═══ SUPPLIED DATA

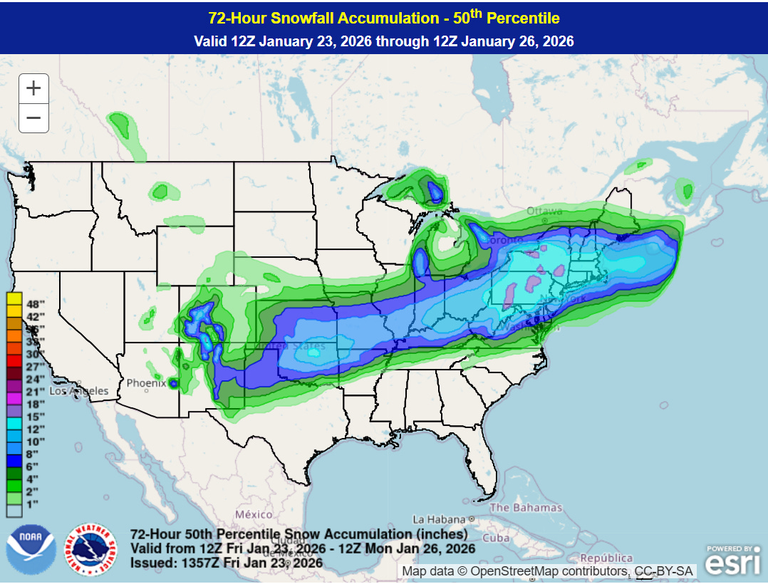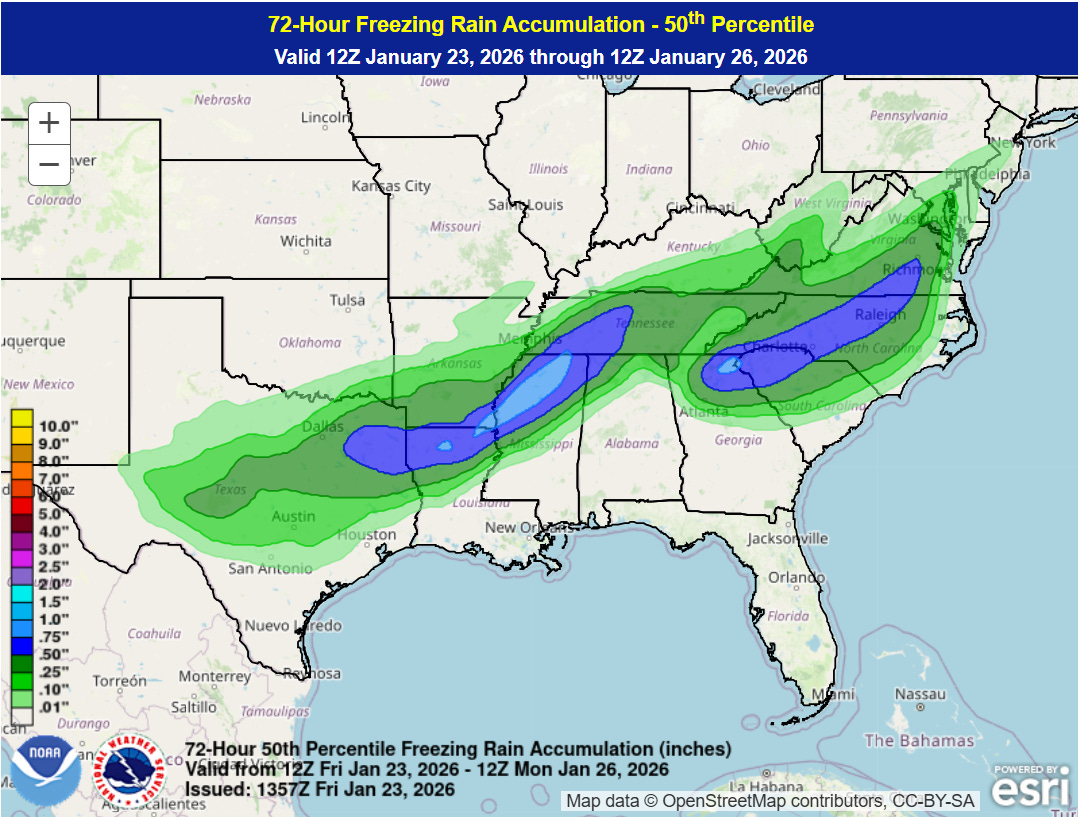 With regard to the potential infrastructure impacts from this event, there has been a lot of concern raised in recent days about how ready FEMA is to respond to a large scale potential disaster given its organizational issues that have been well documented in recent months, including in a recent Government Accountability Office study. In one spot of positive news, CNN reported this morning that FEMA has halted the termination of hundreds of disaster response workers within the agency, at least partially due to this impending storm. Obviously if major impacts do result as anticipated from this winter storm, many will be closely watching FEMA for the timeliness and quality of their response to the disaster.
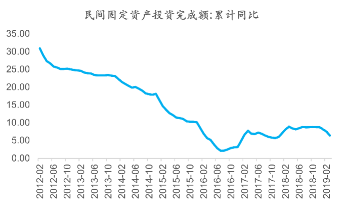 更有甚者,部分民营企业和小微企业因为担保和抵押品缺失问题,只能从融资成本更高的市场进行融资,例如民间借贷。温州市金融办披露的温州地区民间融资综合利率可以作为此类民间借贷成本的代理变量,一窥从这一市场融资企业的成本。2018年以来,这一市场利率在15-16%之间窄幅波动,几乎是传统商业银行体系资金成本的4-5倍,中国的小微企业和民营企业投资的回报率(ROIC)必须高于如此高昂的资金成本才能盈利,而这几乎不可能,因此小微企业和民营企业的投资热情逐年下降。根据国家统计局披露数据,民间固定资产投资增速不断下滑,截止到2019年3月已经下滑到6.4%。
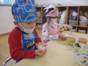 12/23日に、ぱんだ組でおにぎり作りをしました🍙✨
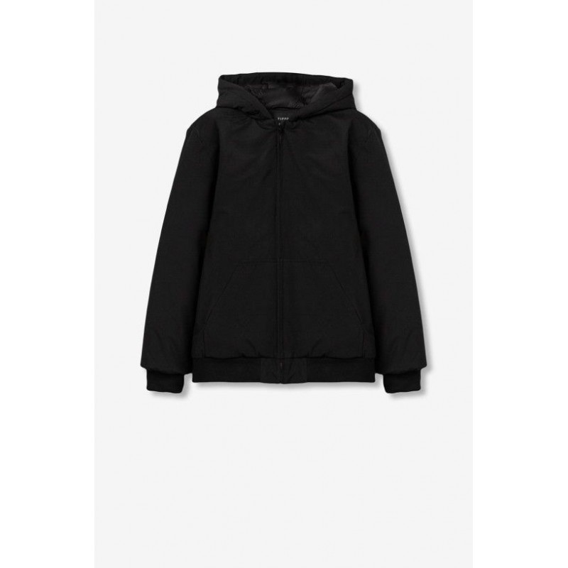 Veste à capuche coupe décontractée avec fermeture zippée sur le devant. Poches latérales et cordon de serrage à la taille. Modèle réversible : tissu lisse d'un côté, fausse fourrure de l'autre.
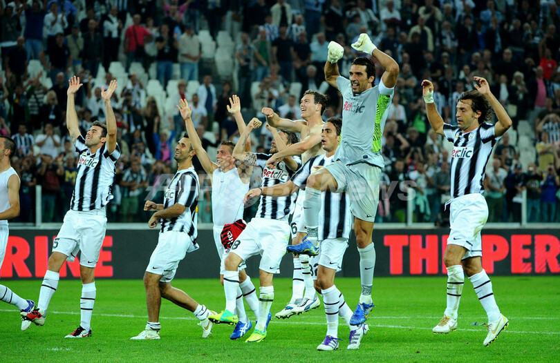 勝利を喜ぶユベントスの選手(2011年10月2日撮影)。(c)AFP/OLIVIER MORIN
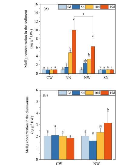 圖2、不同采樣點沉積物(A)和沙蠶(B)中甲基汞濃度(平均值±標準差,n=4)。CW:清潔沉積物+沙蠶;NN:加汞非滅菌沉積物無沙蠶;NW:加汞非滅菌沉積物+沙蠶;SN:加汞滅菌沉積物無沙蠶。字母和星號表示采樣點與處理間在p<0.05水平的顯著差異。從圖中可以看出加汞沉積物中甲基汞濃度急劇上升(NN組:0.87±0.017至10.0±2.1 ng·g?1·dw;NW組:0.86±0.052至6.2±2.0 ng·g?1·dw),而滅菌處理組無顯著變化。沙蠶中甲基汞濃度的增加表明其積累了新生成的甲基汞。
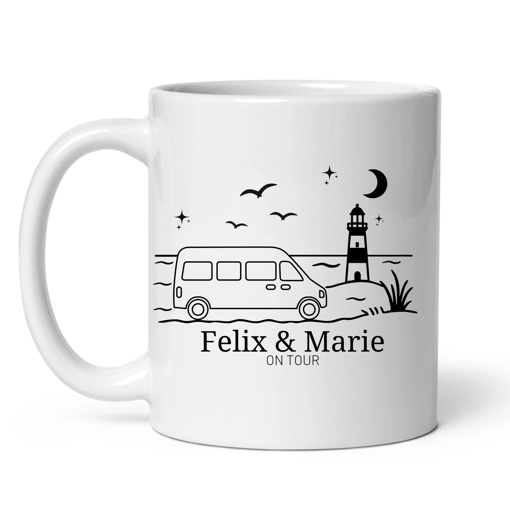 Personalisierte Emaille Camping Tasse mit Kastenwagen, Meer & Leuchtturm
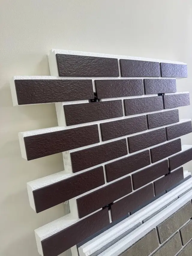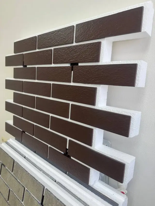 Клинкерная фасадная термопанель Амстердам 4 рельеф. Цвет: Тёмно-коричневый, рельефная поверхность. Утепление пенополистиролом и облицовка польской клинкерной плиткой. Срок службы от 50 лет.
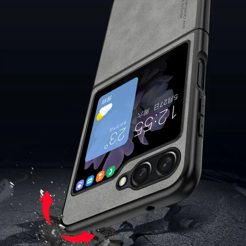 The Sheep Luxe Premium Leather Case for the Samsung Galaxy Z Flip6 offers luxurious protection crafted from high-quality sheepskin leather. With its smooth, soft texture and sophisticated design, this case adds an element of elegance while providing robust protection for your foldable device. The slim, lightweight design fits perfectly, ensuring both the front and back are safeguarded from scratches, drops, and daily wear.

══════

§ WHAT YOU NEED TO DO
The records above need to be reproduced exactly, with all images omitted.

§ TASK OUTPUT
 With regard to the potential infrastructure impacts from this event, there has been a lot of concern raised in recent days about how ready FEMA is to respond to a large scale potential disaster given its organizational issues that have been well documented in recent months, including in a recent Government Accountability Office study. In one spot of positive news, CNN reported this morning that FEMA has halted the termination of hundreds of disaster response workers within the agency, at least partially due to this impending storm. Obviously if major impacts do result as anticipated from this winter storm, many will be closely watching FEMA for the timeliness and quality of their response to the disaster.
 更有甚者,部分民营企业和小微企业因为担保和抵押品缺失问题,只能从融资成本更高的市场进行融资,例如民间借贷。温州市金融办披露的温州地区民间融资综合利率可以作为此类民间借贷成本的代理变量,一窥从这一市场融资企业的成本。2018年以来,这一市场利率在15-16%之间窄幅波动,几乎是传统商业银行体系资金成本的4-5倍,中国的小微企业和民营企业投资的回报率(ROIC)必须高于如此高昂的资金成本才能盈利,而这几乎不可能,因此小微企业和民营企业的投资热情逐年下降。根据国家统计局披露数据,民间固定资产投资增速不断下滑,截止到2019年3月已经下滑到6.4%。
 12/23日に、ぱんだ組でおにぎり作りをしました🍙✨
 Veste à capuche coupe décontractée avec fermeture zippée sur le devant. Poches latérales et cordon de serrage à la taille. Modèle réversible : tissu lisse d'un côté, fausse fourrure de l'autre.
 勝利を喜ぶユベントスの選手(2011年10月2日撮影)。(c)AFP/OLIVIER MORIN
 圖2、不同采樣點沉積物(A)和沙蠶(B)中甲基汞濃度(平均值±標準差,n=4)。CW:清潔沉積物+沙蠶;NN:加汞非滅菌沉積物無沙蠶;NW:加汞非滅菌沉積物+沙蠶;SN:加汞滅菌沉積物無沙蠶。字母和星號表示采樣點與處理間在p<0.05水平的顯著差異。從圖中可以看出加汞沉積物中甲基汞濃度急劇上升(NN組:0.87±0.017至10.0±2.1 ng·g?1·dw;NW組:0.86±0.052至6.2±2.0 ng·g?1·dw),而滅菌處理組無顯著變化。沙蠶中甲基汞濃度的增加表明其積累了新生成的甲基汞。
 Personalisierte Emaille Camping Tasse mit Kastenwagen, Meer & Leuchtturm
 Клинкерная фасадная термопанель Амстердам 4 рельеф. Цвет: Тёмно-коричневый, рельефная поверхность. Утепление пенополистиролом и облицовка польской клинкерной плиткой. Срок службы от 50 лет.
 The Sheep Luxe Premium Leather Case for the Samsung Galaxy Z Flip6 offers luxurious protection crafted from high-quality sheepskin leather. With its smooth, soft texture and sophisticated design, this case adds an element of elegance while providing robust protection for your foldable device. The slim, lightweight design fits perfectly, ensuring both the front and back are safeguarded from scratches, drops, and daily wear.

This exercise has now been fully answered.